- Available data -
* * *
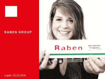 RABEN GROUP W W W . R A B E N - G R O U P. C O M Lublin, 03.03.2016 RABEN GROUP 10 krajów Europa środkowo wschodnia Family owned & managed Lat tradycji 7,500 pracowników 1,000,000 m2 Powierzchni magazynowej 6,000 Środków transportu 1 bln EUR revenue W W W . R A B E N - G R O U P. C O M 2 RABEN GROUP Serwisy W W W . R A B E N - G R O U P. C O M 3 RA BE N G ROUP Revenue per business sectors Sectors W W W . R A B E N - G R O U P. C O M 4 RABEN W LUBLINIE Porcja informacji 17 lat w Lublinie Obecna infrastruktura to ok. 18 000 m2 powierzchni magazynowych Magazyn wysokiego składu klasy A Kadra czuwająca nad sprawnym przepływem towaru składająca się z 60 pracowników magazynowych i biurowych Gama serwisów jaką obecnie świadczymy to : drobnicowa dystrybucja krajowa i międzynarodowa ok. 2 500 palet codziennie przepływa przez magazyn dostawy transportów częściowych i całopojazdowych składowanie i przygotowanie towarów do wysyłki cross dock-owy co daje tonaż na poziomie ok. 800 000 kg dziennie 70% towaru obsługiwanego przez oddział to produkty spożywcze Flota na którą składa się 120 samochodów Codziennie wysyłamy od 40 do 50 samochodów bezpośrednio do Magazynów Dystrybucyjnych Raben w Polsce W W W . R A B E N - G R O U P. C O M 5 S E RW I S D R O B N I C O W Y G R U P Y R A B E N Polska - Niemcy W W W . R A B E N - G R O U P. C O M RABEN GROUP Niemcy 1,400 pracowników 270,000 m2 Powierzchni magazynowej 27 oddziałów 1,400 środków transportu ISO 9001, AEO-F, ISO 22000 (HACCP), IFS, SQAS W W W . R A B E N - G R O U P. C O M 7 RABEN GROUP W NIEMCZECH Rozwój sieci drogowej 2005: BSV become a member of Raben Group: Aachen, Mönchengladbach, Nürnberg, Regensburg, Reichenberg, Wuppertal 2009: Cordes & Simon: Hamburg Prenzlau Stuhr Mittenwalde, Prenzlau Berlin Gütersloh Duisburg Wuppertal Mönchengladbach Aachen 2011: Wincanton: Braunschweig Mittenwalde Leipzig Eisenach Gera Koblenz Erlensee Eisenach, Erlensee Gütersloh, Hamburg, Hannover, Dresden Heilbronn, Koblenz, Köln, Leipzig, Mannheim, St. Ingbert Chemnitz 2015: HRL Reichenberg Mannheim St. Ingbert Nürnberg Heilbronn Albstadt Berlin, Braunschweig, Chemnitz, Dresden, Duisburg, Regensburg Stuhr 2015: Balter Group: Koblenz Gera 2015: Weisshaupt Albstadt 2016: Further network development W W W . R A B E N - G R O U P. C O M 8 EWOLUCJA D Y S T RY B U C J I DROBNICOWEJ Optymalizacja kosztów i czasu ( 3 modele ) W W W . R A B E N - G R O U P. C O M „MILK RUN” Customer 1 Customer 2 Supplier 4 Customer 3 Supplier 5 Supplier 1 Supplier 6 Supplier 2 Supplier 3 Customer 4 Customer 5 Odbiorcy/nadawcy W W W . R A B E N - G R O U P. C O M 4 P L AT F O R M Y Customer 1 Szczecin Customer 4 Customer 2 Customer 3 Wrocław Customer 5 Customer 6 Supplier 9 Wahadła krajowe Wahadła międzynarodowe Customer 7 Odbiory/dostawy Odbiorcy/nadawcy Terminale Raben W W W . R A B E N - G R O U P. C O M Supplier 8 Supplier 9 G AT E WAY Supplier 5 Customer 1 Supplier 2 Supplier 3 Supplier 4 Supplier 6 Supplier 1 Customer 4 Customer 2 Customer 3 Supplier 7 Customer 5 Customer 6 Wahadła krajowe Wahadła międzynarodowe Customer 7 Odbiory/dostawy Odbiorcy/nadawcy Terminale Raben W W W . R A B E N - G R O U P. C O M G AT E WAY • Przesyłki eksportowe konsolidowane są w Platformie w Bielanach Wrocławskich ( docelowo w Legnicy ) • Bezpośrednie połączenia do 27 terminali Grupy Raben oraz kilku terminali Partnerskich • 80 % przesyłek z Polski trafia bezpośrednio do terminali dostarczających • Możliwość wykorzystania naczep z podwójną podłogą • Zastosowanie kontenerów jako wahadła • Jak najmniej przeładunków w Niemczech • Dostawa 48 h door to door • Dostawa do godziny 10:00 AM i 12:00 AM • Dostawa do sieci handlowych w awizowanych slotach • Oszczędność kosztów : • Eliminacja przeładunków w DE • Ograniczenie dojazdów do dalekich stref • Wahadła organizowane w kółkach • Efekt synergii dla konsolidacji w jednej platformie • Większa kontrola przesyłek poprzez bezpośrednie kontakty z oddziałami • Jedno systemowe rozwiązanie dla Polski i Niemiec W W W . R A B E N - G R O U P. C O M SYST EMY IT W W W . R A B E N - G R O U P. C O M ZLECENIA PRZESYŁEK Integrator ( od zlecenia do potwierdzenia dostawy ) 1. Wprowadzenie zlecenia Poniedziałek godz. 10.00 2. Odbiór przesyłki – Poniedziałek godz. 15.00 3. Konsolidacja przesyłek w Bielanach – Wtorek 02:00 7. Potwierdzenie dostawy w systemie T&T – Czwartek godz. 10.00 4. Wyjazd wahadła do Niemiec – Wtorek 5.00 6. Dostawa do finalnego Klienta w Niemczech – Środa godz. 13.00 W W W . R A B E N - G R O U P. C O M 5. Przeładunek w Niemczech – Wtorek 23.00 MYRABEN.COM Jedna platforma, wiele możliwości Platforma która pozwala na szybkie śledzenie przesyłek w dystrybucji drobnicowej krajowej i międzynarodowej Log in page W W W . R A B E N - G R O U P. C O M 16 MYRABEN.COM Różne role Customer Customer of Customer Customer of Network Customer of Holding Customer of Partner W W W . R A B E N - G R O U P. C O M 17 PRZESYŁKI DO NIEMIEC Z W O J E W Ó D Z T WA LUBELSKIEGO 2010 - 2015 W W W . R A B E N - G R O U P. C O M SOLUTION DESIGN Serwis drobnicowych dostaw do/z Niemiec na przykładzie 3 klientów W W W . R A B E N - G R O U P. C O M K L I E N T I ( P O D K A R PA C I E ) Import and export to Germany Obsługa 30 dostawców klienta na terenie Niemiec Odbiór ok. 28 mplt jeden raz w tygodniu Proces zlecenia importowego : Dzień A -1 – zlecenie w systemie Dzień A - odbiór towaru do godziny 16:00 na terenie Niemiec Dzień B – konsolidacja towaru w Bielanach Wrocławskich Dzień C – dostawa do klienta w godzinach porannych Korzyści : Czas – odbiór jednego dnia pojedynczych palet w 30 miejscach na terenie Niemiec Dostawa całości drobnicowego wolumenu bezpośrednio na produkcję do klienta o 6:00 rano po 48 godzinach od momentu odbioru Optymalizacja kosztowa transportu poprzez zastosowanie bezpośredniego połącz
* * *
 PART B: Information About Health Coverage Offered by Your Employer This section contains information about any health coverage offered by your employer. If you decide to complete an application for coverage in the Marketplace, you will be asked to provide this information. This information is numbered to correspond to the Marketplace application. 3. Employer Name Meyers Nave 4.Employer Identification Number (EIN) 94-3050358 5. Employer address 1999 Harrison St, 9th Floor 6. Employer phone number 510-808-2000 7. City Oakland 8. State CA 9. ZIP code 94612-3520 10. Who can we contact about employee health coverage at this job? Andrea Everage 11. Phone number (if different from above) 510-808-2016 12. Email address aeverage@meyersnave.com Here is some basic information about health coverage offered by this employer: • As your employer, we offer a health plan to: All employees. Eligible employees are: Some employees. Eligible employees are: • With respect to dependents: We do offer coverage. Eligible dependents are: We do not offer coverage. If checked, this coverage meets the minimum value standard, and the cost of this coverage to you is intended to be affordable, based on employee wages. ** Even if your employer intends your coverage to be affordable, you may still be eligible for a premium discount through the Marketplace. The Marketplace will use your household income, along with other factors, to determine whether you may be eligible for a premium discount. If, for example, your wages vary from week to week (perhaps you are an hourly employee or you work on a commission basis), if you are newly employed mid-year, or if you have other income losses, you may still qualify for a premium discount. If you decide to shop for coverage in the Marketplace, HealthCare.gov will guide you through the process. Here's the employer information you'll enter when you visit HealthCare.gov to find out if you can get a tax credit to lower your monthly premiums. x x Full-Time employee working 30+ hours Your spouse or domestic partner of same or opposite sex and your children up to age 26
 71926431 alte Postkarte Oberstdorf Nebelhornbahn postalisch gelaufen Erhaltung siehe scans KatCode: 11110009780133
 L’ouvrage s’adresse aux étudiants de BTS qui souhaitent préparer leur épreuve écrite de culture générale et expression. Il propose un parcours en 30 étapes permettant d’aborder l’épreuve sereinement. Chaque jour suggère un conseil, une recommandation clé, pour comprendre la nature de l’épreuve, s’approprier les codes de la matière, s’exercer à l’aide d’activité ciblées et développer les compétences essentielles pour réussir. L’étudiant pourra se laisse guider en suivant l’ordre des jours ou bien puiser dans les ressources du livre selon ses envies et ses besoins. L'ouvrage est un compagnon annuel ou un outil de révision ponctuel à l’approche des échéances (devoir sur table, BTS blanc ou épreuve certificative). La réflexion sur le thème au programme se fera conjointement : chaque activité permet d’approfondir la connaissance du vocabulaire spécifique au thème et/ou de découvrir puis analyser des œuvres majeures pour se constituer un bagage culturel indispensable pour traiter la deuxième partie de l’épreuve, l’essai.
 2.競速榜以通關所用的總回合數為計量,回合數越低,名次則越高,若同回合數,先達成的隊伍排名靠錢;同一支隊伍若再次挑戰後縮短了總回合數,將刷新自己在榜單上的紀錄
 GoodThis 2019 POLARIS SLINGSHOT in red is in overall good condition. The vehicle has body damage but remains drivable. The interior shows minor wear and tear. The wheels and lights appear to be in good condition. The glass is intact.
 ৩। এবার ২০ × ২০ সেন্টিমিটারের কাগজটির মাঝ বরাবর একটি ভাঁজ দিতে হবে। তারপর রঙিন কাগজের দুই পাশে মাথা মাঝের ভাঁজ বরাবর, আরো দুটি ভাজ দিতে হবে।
* * *
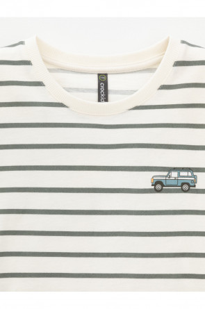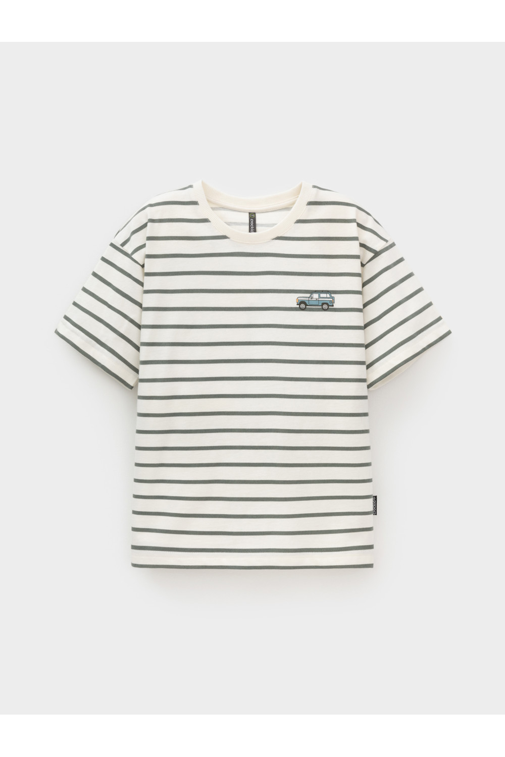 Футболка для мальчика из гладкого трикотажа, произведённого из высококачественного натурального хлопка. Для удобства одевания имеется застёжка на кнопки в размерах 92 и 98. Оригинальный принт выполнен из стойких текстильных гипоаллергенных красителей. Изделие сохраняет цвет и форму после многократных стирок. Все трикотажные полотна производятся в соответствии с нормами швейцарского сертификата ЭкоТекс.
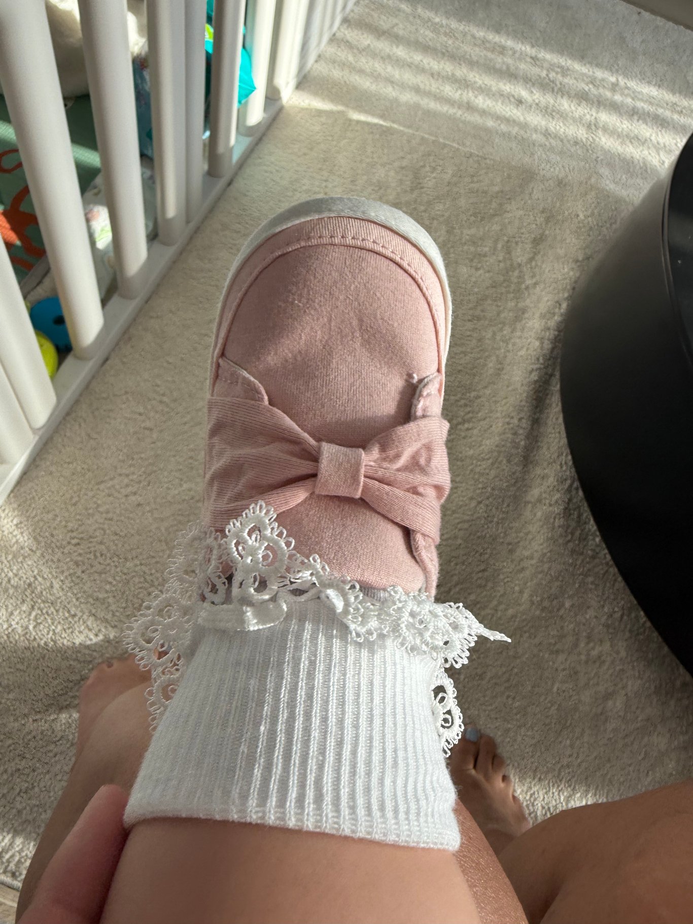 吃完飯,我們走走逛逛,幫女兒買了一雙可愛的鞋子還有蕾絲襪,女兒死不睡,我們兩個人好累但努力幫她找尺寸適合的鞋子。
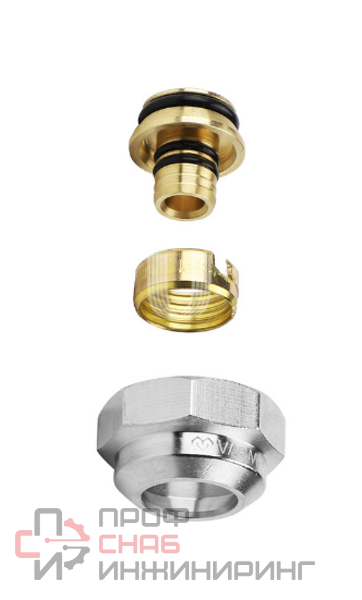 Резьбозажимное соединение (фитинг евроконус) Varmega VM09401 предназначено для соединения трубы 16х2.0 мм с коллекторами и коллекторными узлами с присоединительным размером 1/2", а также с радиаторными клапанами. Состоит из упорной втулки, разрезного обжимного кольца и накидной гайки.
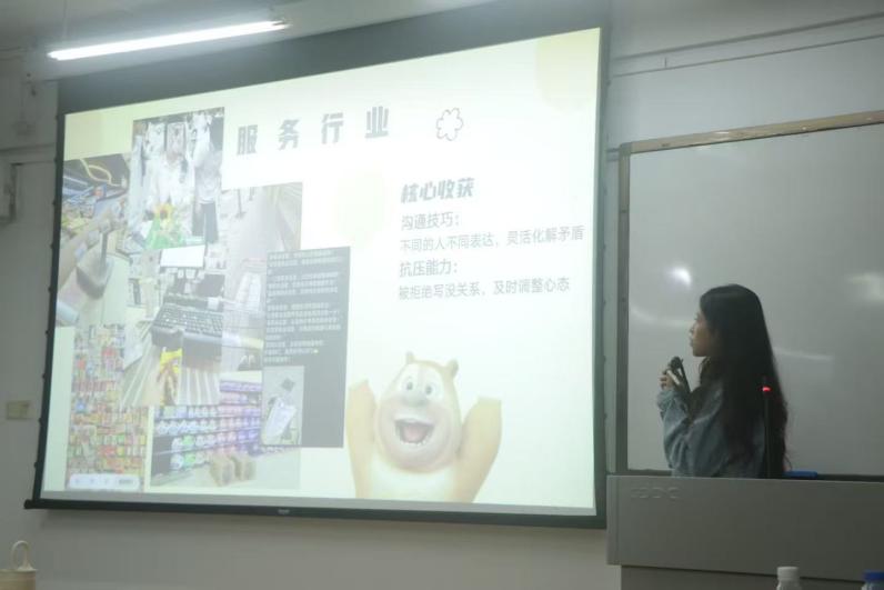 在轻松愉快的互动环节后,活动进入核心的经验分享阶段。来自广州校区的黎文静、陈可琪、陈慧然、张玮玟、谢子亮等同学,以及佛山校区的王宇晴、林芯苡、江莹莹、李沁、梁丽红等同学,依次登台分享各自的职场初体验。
* * *
What you return must match the lines above from the one with "Резьбозажимное соединение (фитинг" through the one with "在轻松愉快的互动环节后,活动" exactly, with both ends included and the pictures excluded.

 Резьбозажимное соединение (фитинг евроконус) Varmega VM09401 предназначено для соединения трубы 16х2.0 мм с коллекторами и коллекторными узлами с присоединительным размером 1/2", а также с радиаторными клапанами. Состоит из упорной втулки, разрезного обжимного кольца и накидной гайки.
 在轻松愉快的互动环节后,活动进入核心的经验分享阶段。来自广州校区的黎文静、陈可琪、陈慧然、张玮玟、谢子亮等同学,以及佛山校区的王宇晴、林芯苡、江莹莹、李沁、梁丽红等同学,依次登台分享各自的职场初体验。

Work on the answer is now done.